Zu Hause harrte seiner noch eine Freude: während seiner Abwesenheit hatte sein Weib einen Knaben geboren.

Da sie jetzt auch genug Geld hatten und der Mann es durch seinen Fleiß immer noch vermehrte, so hätten sie sehr glücklich leben können. Der Mann war jedoch immer bekümmert, da er des Versprechens gedachte, das er dem Jäger gegeben, und er fürchtete, daß ihm dieser eines tags sein einziges Kind abfordern werde.

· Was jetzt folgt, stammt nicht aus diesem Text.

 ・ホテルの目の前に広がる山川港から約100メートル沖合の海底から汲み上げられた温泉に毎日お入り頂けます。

Die Zeit kam und ging, das Kindchen gedieh, und die besorgten Eltern gedachten immer seltener des Jägers und jenes Versprechens. Da geschah etwas Seltsames, Schreckliches. In einer finsteren Nacht, als ein eisiger Nord wehte, heulte plötzlich der Hund laut auf, so, als hätte man ihm etwas zuleide getan. Dann hörte man ein unheimliches Geräusch vor der Haustüre: diese sprang auf, und über die Schwelle wälzte sich ein blutgefüllter Menschenbalg, ein Vampyr.

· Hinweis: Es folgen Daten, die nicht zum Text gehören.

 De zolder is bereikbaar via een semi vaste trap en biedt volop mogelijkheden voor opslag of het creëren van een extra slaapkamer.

"Nun mußt du dein Versprechen einlösen", klang es dumpf. Das entsetzte Ehepaar beschwor das Schreckgespenst im Namen Gottes und des heiligen Johannes sich zu entfernen, sprengte Weihwasser aus, und so mußte es zurückweichen. Bevor der Unhold aber die Schwelle verließ, sagte er: "Möge das Kind immerhin noch dableiben; nach fünfundzwanzig Jahren ist es in jedem Falle mein."